■ HOW TO COMPLETE THIS TASK
Taking only the lines of the data below from the line with "研究共纳入72篇文献的82起" to the line with "HZ. ALİ’NİN HİCRET’TEN", ends included, write them out exactly and without pictures.

-------

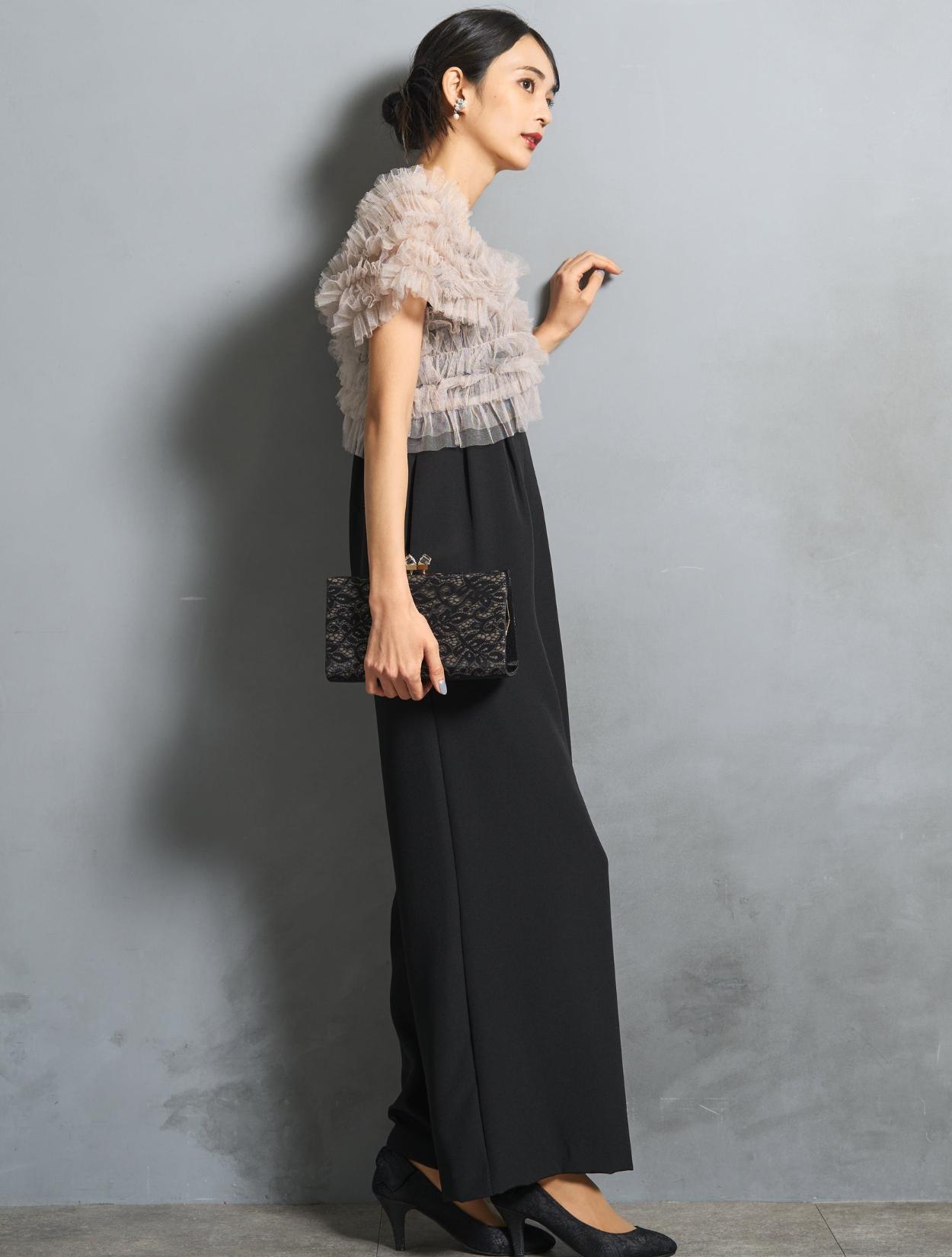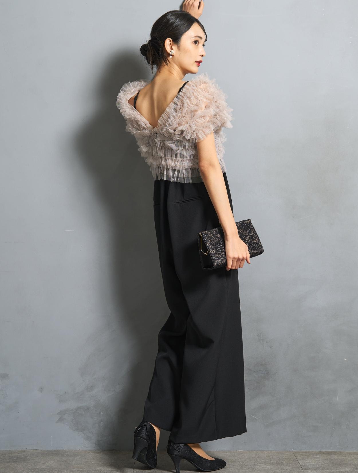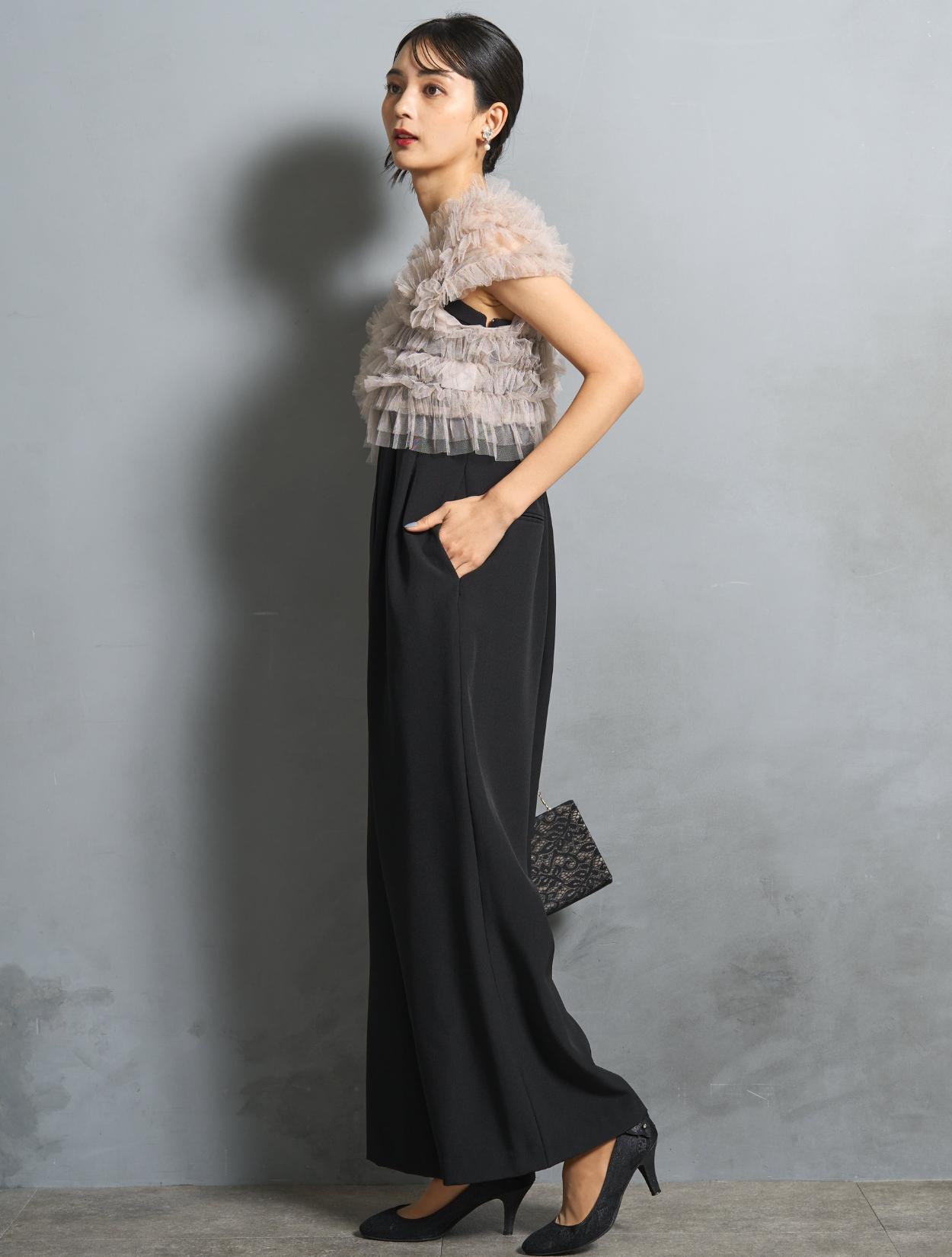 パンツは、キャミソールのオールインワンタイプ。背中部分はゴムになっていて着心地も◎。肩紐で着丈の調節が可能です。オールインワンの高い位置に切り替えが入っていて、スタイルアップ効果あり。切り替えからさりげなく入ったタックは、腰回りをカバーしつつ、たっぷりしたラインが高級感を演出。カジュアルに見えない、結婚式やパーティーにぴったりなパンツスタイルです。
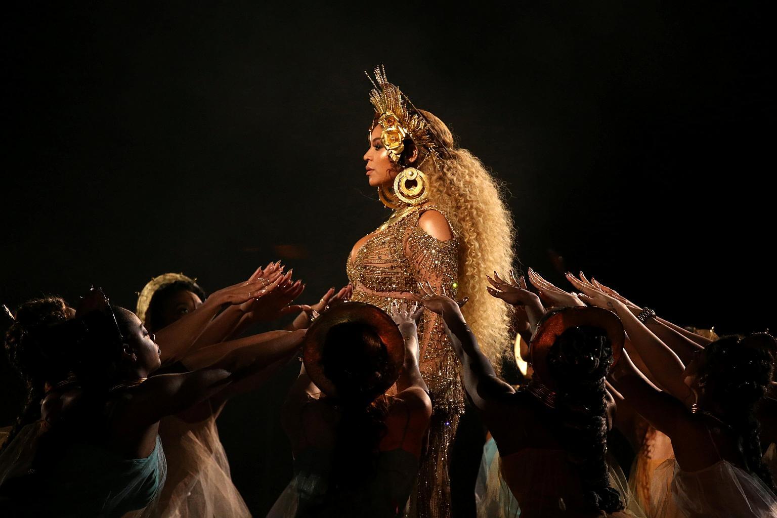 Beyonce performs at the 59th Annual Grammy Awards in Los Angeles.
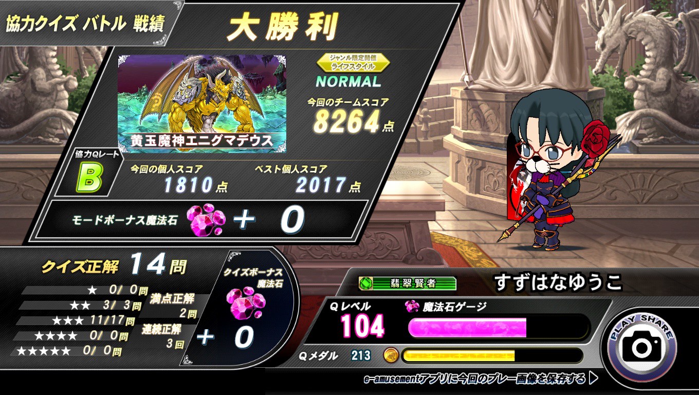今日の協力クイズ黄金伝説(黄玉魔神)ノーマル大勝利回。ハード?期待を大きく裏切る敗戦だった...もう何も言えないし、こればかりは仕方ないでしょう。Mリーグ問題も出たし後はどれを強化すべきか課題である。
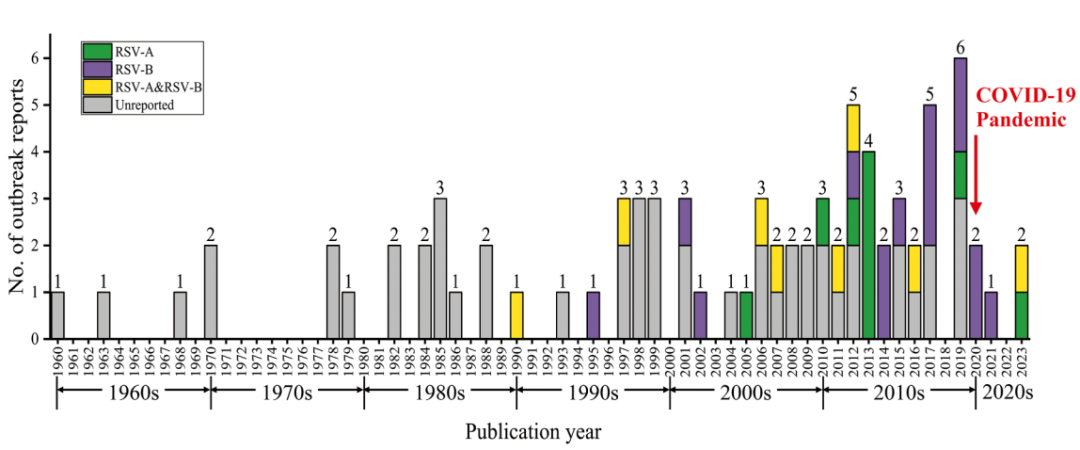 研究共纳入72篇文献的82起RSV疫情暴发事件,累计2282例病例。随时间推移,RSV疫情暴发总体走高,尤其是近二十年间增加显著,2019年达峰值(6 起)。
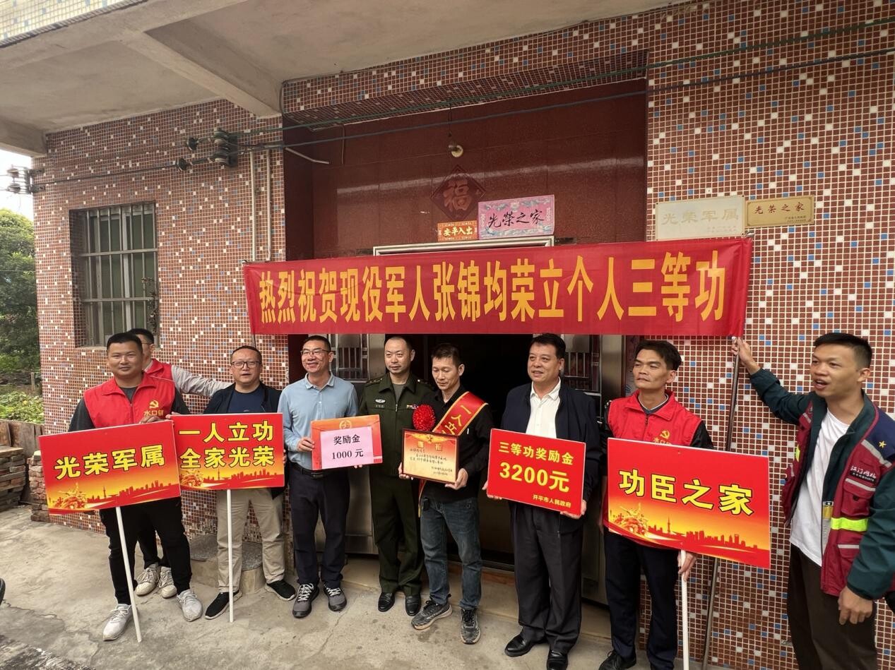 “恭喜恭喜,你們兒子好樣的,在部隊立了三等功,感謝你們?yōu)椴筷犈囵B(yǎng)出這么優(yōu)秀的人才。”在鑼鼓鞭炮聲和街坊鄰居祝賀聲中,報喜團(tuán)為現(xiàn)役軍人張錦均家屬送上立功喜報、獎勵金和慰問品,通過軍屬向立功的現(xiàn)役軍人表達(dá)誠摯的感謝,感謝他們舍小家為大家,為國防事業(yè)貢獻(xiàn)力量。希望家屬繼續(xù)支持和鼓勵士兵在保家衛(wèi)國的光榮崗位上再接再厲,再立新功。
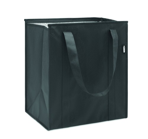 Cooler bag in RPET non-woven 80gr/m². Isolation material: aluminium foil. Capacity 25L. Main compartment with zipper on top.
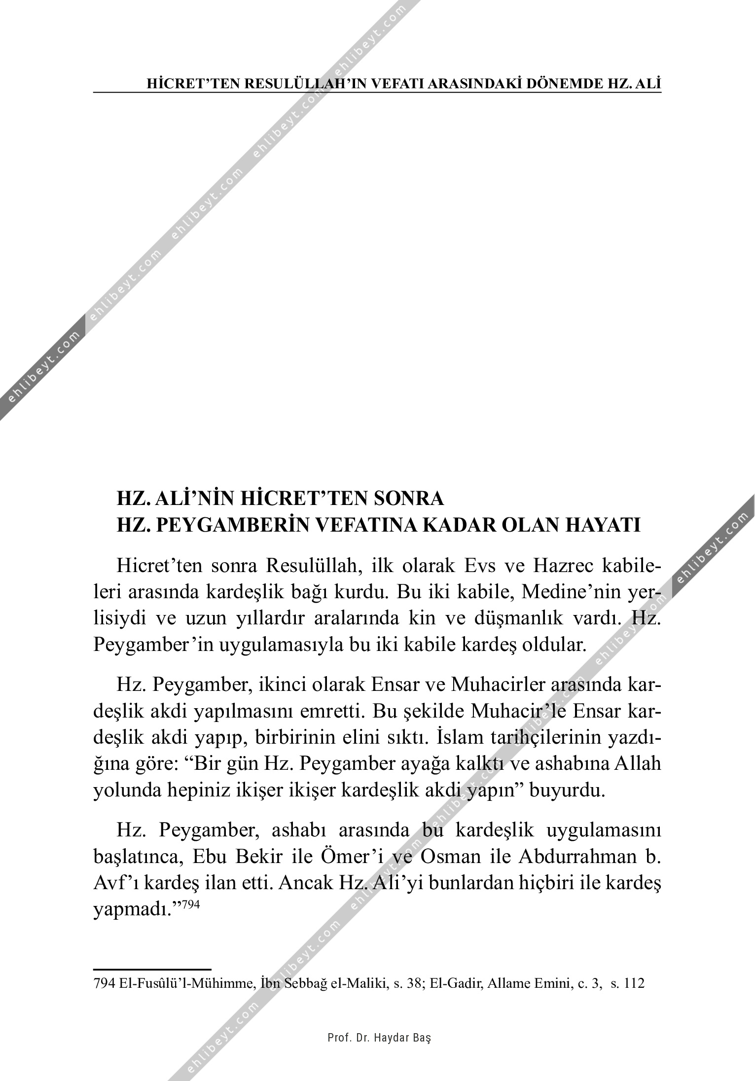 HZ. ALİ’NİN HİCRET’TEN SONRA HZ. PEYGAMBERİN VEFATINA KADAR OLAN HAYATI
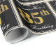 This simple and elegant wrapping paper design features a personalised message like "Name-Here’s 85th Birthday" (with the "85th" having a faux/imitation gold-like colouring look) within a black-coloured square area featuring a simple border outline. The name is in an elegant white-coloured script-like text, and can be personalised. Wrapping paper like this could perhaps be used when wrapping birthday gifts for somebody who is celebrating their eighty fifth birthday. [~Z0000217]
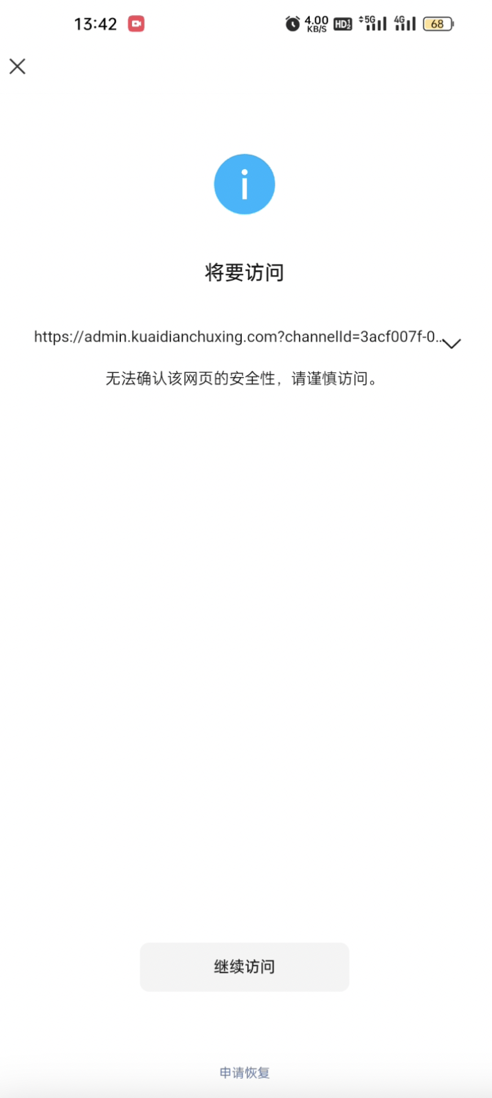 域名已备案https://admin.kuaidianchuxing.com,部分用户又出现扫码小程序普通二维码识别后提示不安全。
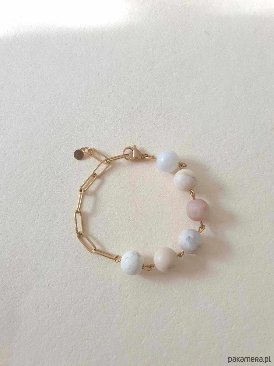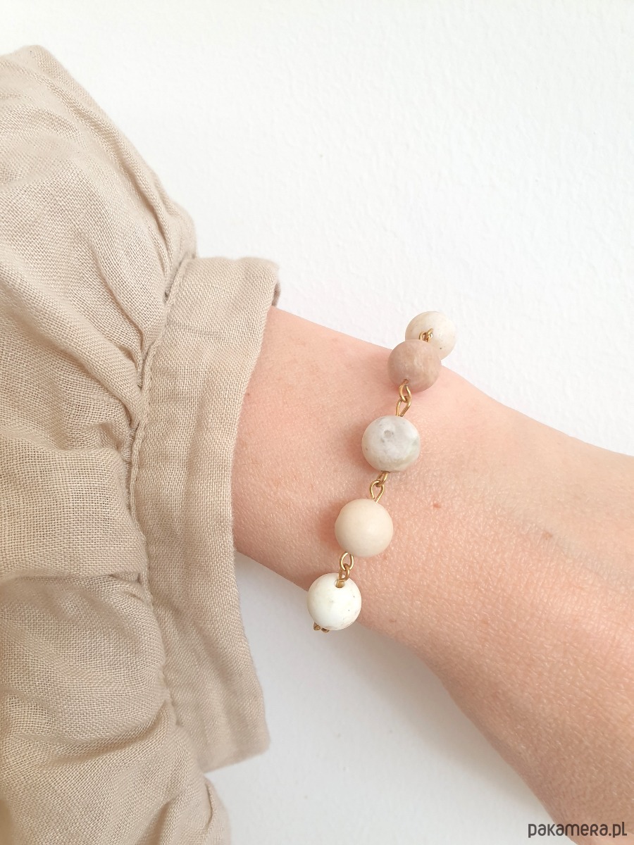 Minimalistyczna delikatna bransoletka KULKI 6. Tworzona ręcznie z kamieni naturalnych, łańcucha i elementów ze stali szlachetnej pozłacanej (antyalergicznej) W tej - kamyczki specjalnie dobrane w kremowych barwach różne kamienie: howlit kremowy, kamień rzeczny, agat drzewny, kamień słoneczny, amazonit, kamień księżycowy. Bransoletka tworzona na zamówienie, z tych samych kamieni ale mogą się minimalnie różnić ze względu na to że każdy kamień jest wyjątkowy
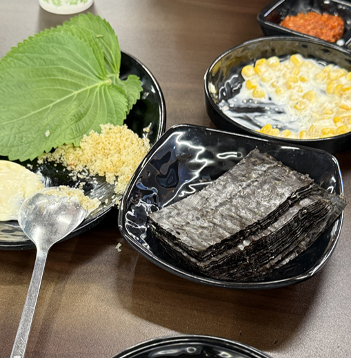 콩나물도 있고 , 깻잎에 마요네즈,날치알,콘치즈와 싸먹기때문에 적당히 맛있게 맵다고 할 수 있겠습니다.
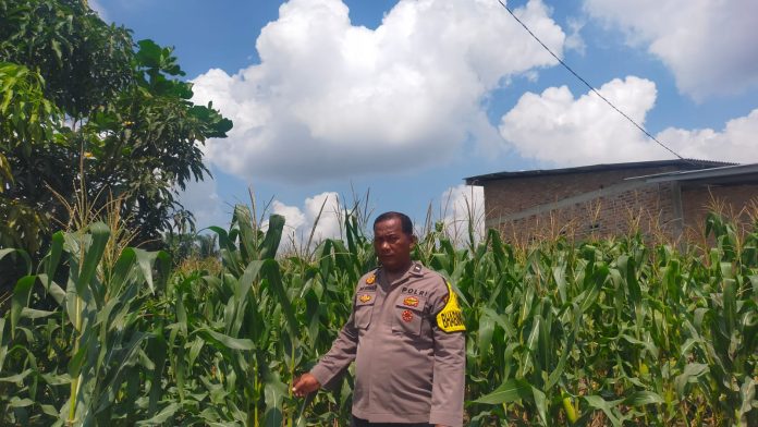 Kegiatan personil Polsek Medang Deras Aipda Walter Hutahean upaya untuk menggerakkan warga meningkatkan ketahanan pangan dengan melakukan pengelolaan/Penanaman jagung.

-------

■ SOLUTION FOR THIS EXERCISE
 研究共纳入72篇文献的82起RSV疫情暴发事件,累计2282例病例。随时间推移,RSV疫情暴发总体走高,尤其是近二十年间增加显著,2019年达峰值(6 起)。
 “恭喜恭喜,你們兒子好樣的,在部隊立了三等功,感謝你們?yōu)椴筷犈囵B(yǎng)出這么優(yōu)秀的人才。”在鑼鼓鞭炮聲和街坊鄰居祝賀聲中,報喜團(tuán)為現(xiàn)役軍人張錦均家屬送上立功喜報、獎勵金和慰問品,通過軍屬向立功的現(xiàn)役軍人表達(dá)誠摯的感謝,感謝他們舍小家為大家,為國防事業(yè)貢獻(xiàn)力量。希望家屬繼續(xù)支持和鼓勵士兵在保家衛(wèi)國的光榮崗位上再接再厲,再立新功。
 Cooler bag in RPET non-woven 80gr/m². Isolation material: aluminium foil. Capacity 25L. Main compartment with zipper on top.
 HZ. ALİ’NİN HİCRET’TEN SONRA HZ. PEYGAMBERİN VEFATINA KADAR OLAN HAYATI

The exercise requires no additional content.